This behavior seems debatable on both counts. First, if the folds are
advertised as random, one might expect to get non-identical results
when running a given cross-validation program multiple times (unless
one takes steps to ensure they are the same). Second, in the context
of parameter search one might wish to suppress variation in outcome
stemming from data-subsetting in order to focus on variation stemming
from the differing parameter vectors. Moreover, the \texttt{rand}
function is not guaranteed to produce the same sequence of values for
a given seed on different operating systems.

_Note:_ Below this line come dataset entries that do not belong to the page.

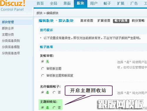 那这么好的功能怎样在 Discuz! 的后台开启呢?首先这个功能是跟每个版块关联的,所以每个版块都有此项设置,即可以控制哪些版块开启主题回收站的功能。在版块 => 版块管理 => 编辑要开启主题回收站的版块 => 帖子选项中,就可以设置这个版块开启或者关闭回收站。如下图所示:
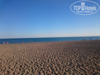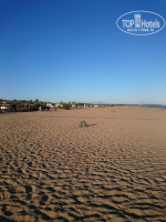 Пляж - широкий и длинный. Вход в море пологий, немного камней, потом песочек.
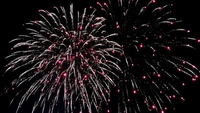 Fyrverkerier lyser upp en mörk himmel.

Gretl's \texttt{svm} function addresses these points as
follows. First, we use the \textsf{SFMT} implementation of the
Mersenne Twister from the gretl library in place of \texttt{rand};
this ensures consistency across platforms. By default we obtain a seed
based on the time at which \texttt{svm} execution starts, and we
(re-)initialize \textsf{SFMT} with this seed immediately prior to each
call to the \textsf{libsvm} cross-validation function. This means that
each invocation of a gretl \texttt{svm} cross-validation program is
likely to produce slightly different results, while in the context of
a given search each parameter combination will employ the same set of
folds. This default behavior can be modified in two ways.
\begin{itemize}
\item To obtain strictly reproducible results you can override the
execution-time based \textsf{SFMT} seed with an integer
\texttt{seed} value specified in the parameter bundle passed to
\texttt{svm}.
\item To emulate \textsf{libsvm}'s behavior, whereby each call to
randomized cross validation generates a new set of folds, specify a
non-zero value under the key \texttt{refold} in the parameter
bundle.
\end{itemize}
When random folding with the default time-based seed is employed, it
may be useful to know what seed was actually used: you can retrieve
this value from the parameter bundle under the key
\texttt{autoseed}. (This item is added to the bundle only if random
folding is performed and no \texttt{seed} value is specified on
input.)
One further note: when pseudo-random numbers are required in the
context of \texttt{svm} they are drawn from an independent instance of
\textsf{SFMT}, distinct from the one governed by the \texttt{set seed}
command and employed by functions such as \texttt{normal()} and
\texttt{randgen()}.
\subsection{More on SV regression}
\label{sec:svr}
We noted above that libsvm supports two types of SV regression:
$\epsilon$-SVR and $\nu$-SVR. These are alternative parameterizations
of the regression problem. To understand this point one must know what
$\epsilon$ and $\nu$ represent.
\begin{itemize}
\item $\epsilon \geq 0$ sets a margin within which prediction errors
are ignored (costed at zero). To enforce a tight fit---at the risk
of over-fitting---therefore, one would specify a small value of
$\epsilon$.
\item $0 < \nu \leq 1$ controls the number of support vectors used by
the SVM, expressed as a fraction of the maximum (which equals the
number of observations in the training data). Use of more support
vectors will generally give a better fit---again at the risk of
over-fitting.
\end{itemize}
These values cannot be set independently of each other. In
$\epsilon$-SVR $\epsilon$ is parametric and $\nu$ is adjusted
endogenously; the converse holds for $\nu$-SVR.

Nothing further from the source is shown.